Retype the listing below exactly, pictures removed.

++++++++++

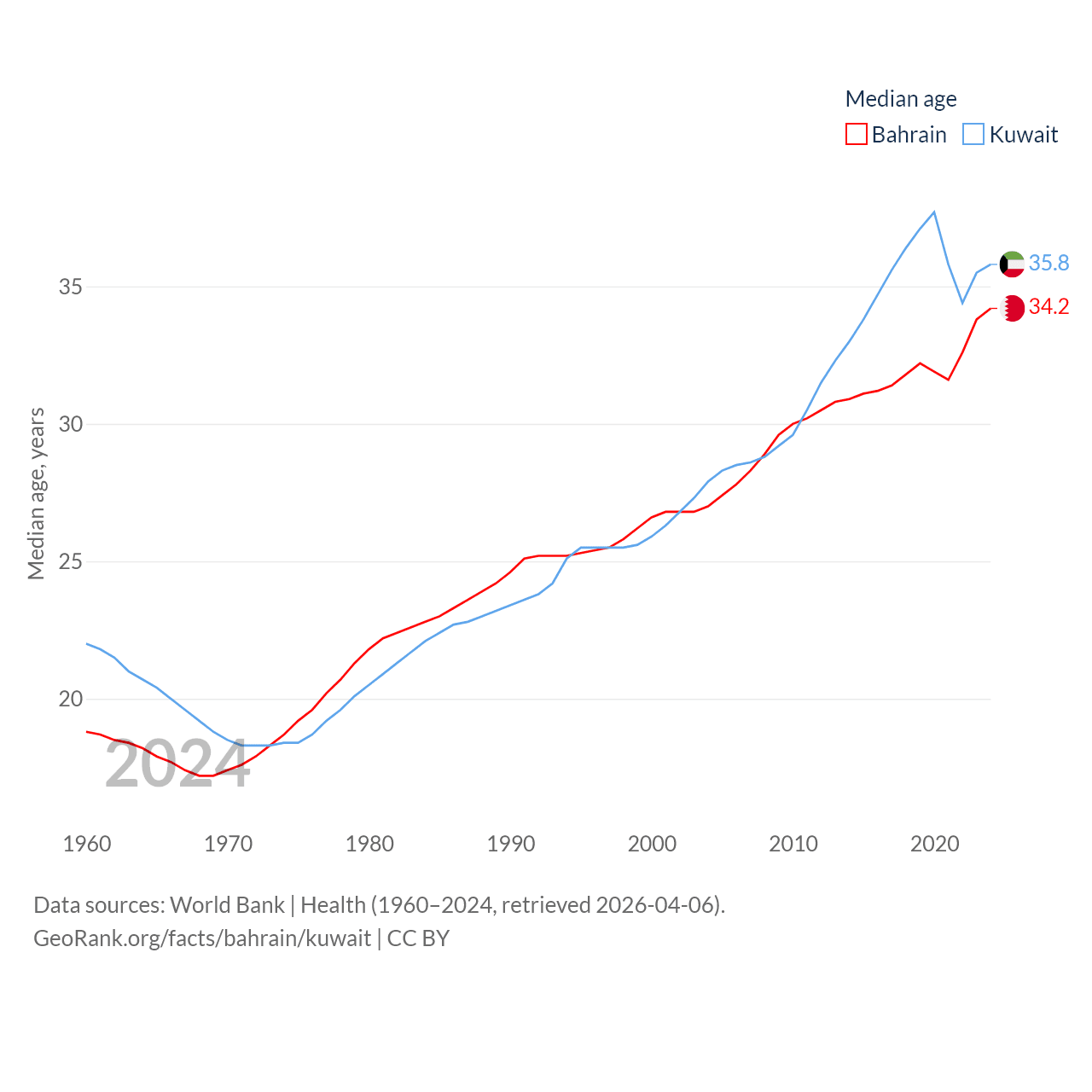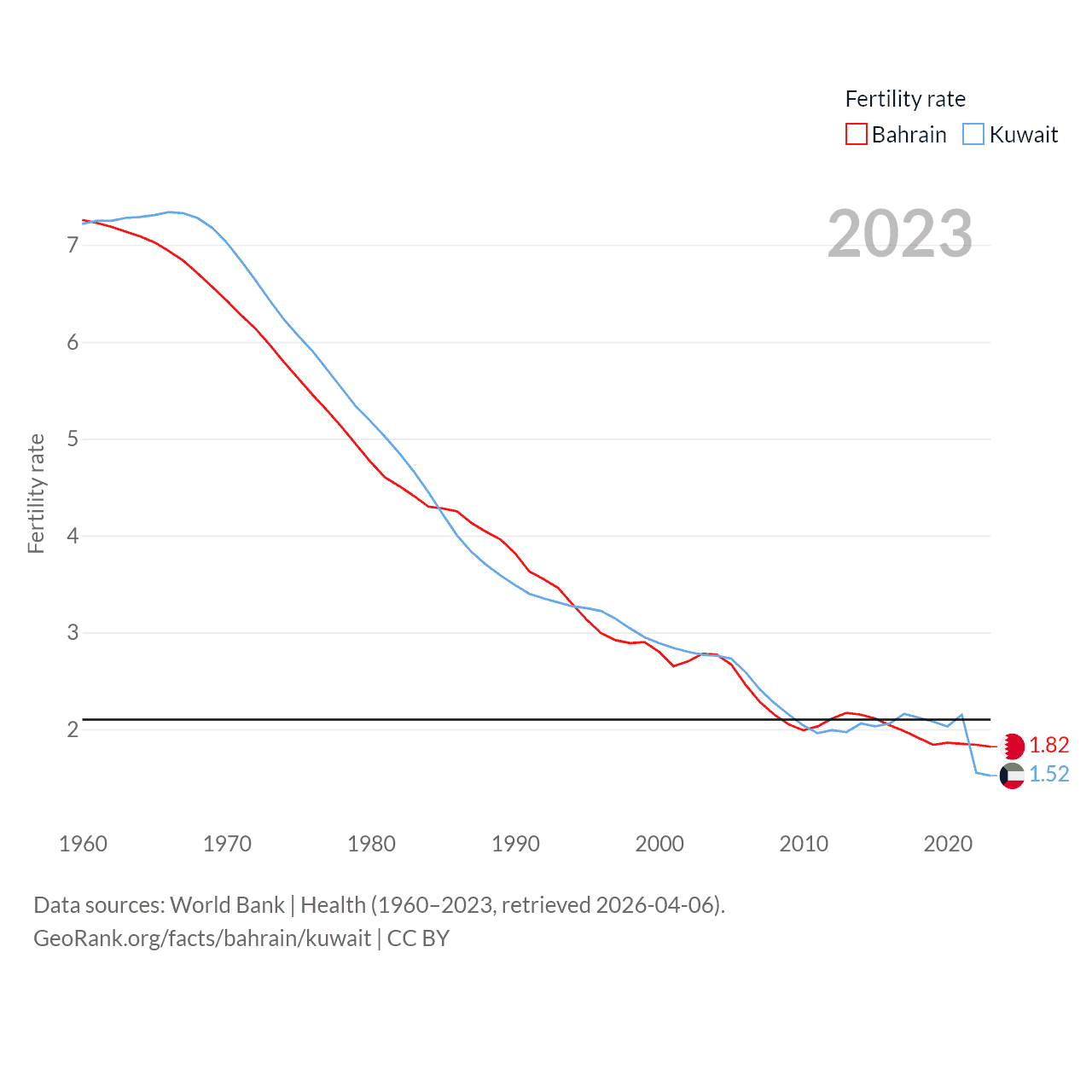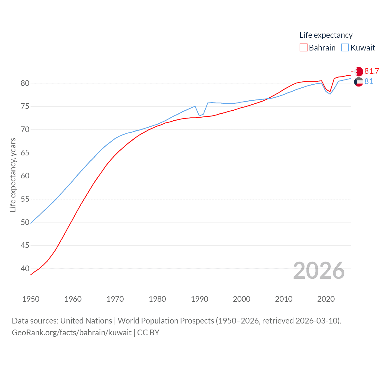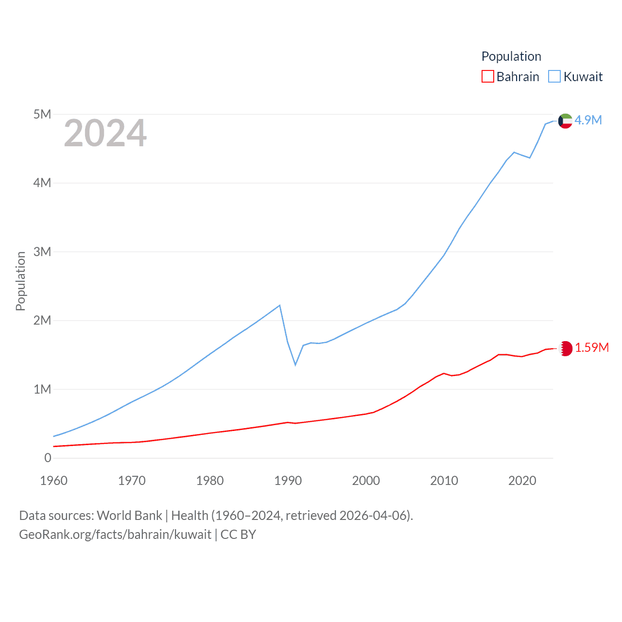 Bahrain has a population of 1.59M (ranked 151/197), compared with 4.9M in Kuwait (ranked 127/197). Bahrain's land area is 309 sq mi versus 6,880 sq mi for Kuwait (ranked 174th vs. 153rd).
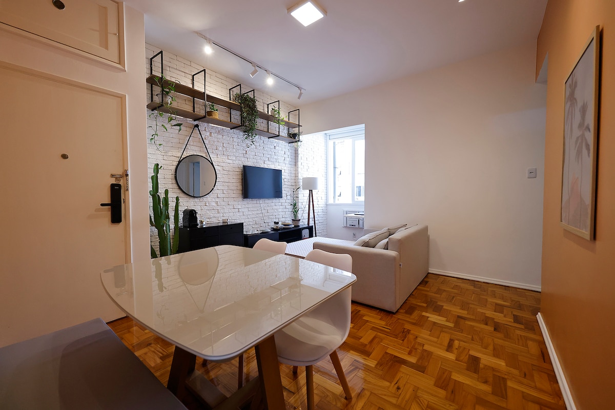 Séjournez dans un logement testé et approuvé par plusieurs voyageurs ! Appartement spacieux (45 m²) joliment décoré, calme (arrière). Chambre et salon séparés, avec climatisation dans les deux espaces. Cuisine équipée. Emplacement imbattable - À seulement 150 m de la plage de Copacabana - À 500 m de la plage d'Arpoador - À 600 m de la plage d'Ipanema - À côté du fort de Copacabana et du célèbre coucher de soleil d'Arpoador - Entouré de bars, de restaurants, de marchés et de toutes sortes de magasins Satisfaction garantie. Réservez maintenant.
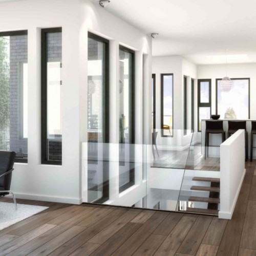 This inspiration has an interior courtyard that separates the kitchen and dining room at the back from the living room at the front of the building. There is a social space with higher ceilings on the upper floor and a single-car garage with a mudroom.
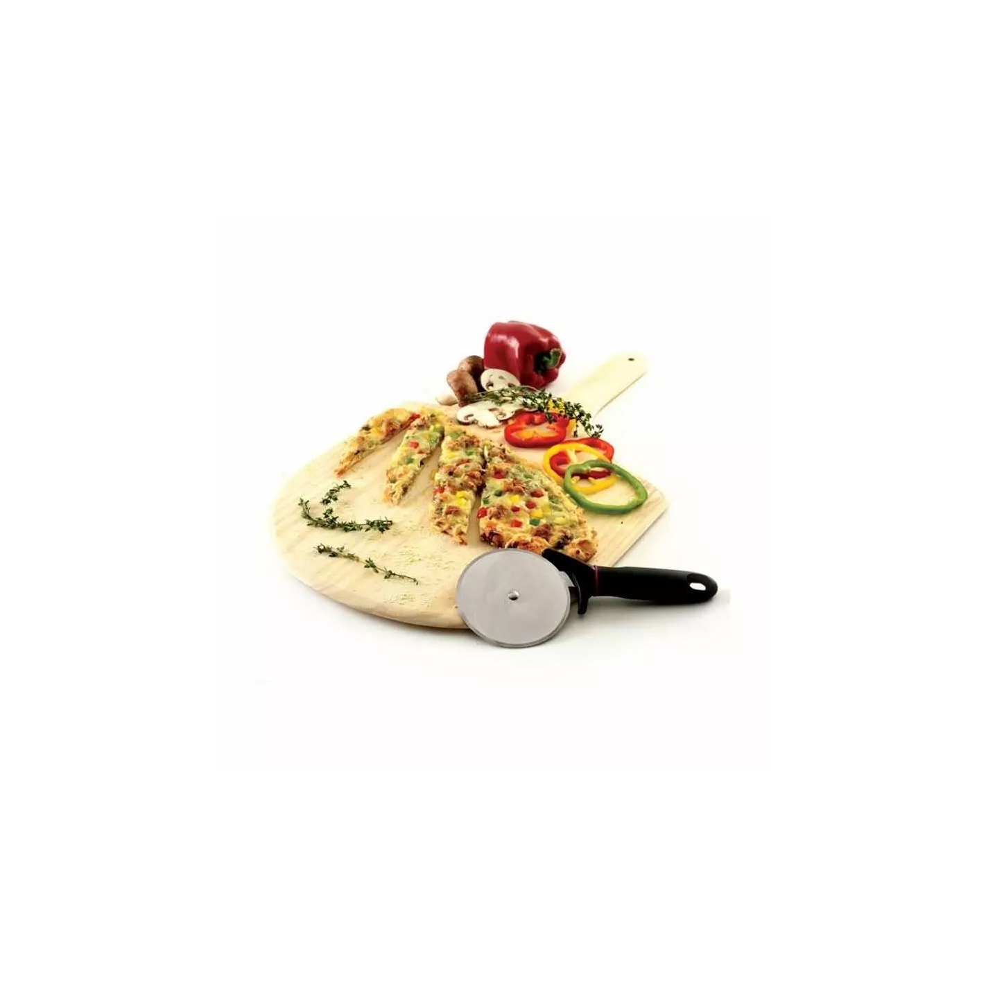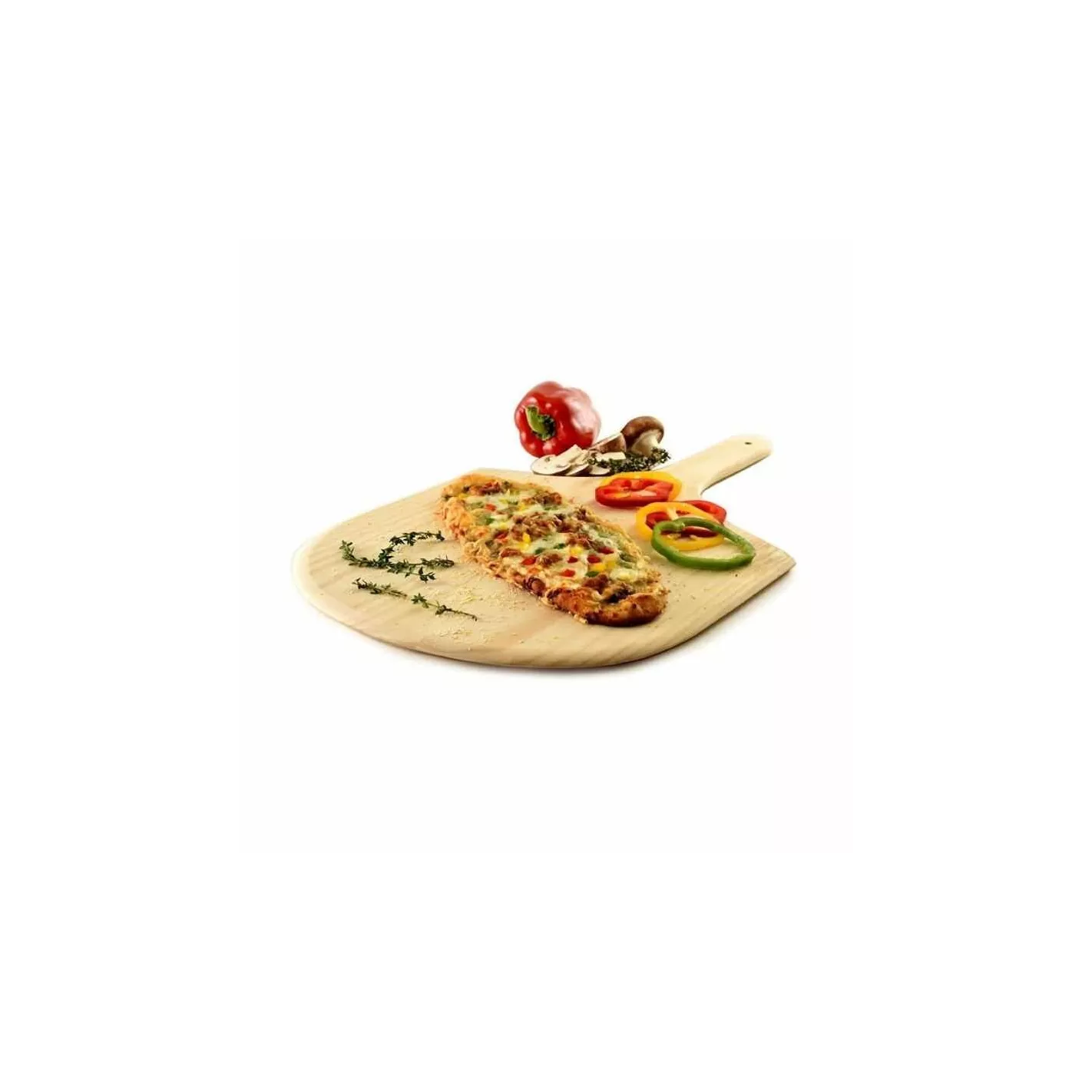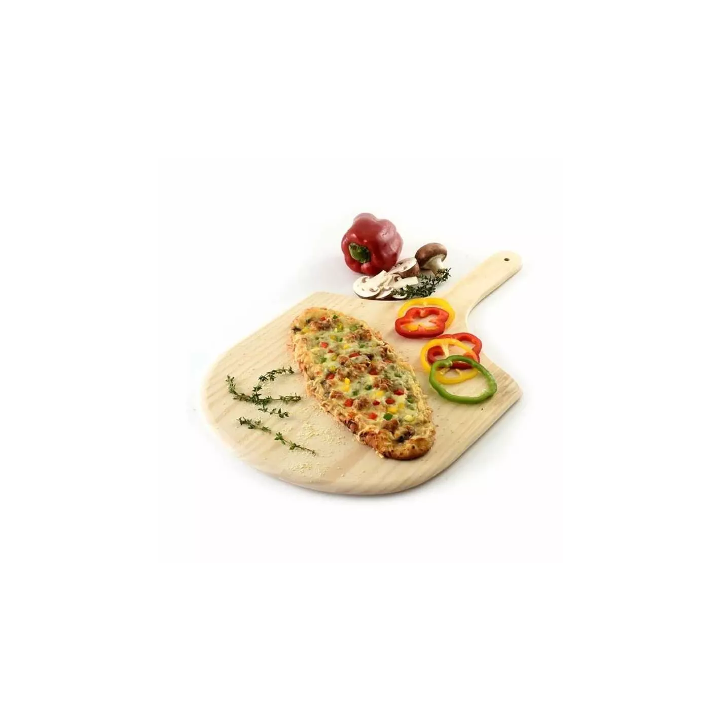Levanta sin esfuerzo tu pizza de tu horno con esta paleta de pizza de calidad! Hecho de madera de pino duradera y resistente, esta pala levanta la pizza de forma segura, eliminando el daño de la corteza. Incluye un mango largo y cómodo para mantener las manos alejadas del calor del horno y protegerlo de las quemaduras. Fácil de usar y limpiar, esta tabla versátil también es ideal como tabla de cortar o bandeja de servir.
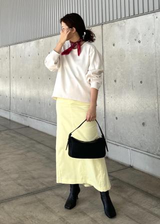 ちょっとしたポイントに小ぶりのスカーフは使いやすいです。冬になったら寒さも

++++++++++

**RESULT:**
 Bahrain has a population of 1.59M (ranked 151/197), compared with 4.9M in Kuwait (ranked 127/197). Bahrain's land area is 309 sq mi versus 6,880 sq mi for Kuwait (ranked 174th vs. 153rd).
 Séjournez dans un logement testé et approuvé par plusieurs voyageurs ! Appartement spacieux (45 m²) joliment décoré, calme (arrière). Chambre et salon séparés, avec climatisation dans les deux espaces. Cuisine équipée. Emplacement imbattable - À seulement 150 m de la plage de Copacabana - À 500 m de la plage d'Arpoador - À 600 m de la plage d'Ipanema - À côté du fort de Copacabana et du célèbre coucher de soleil d'Arpoador - Entouré de bars, de restaurants, de marchés et de toutes sortes de magasins Satisfaction garantie. Réservez maintenant.
 This inspiration has an interior courtyard that separates the kitchen and dining room at the back from the living room at the front of the building. There is a social space with higher ceilings on the upper floor and a single-car garage with a mudroom.
Levanta sin esfuerzo tu pizza de tu horno con esta paleta de pizza de calidad! Hecho de madera de pino duradera y resistente, esta pala levanta la pizza de forma segura, eliminando el daño de la corteza. Incluye un mango largo y cómodo para mantener las manos alejadas del calor del horno y protegerlo de las quemaduras. Fácil de usar y limpiar, esta tabla versátil también es ideal como tabla de cortar o bandeja de servir.
 ちょっとしたポイントに小ぶりのスカーフは使いやすいです。冬になったら寒さも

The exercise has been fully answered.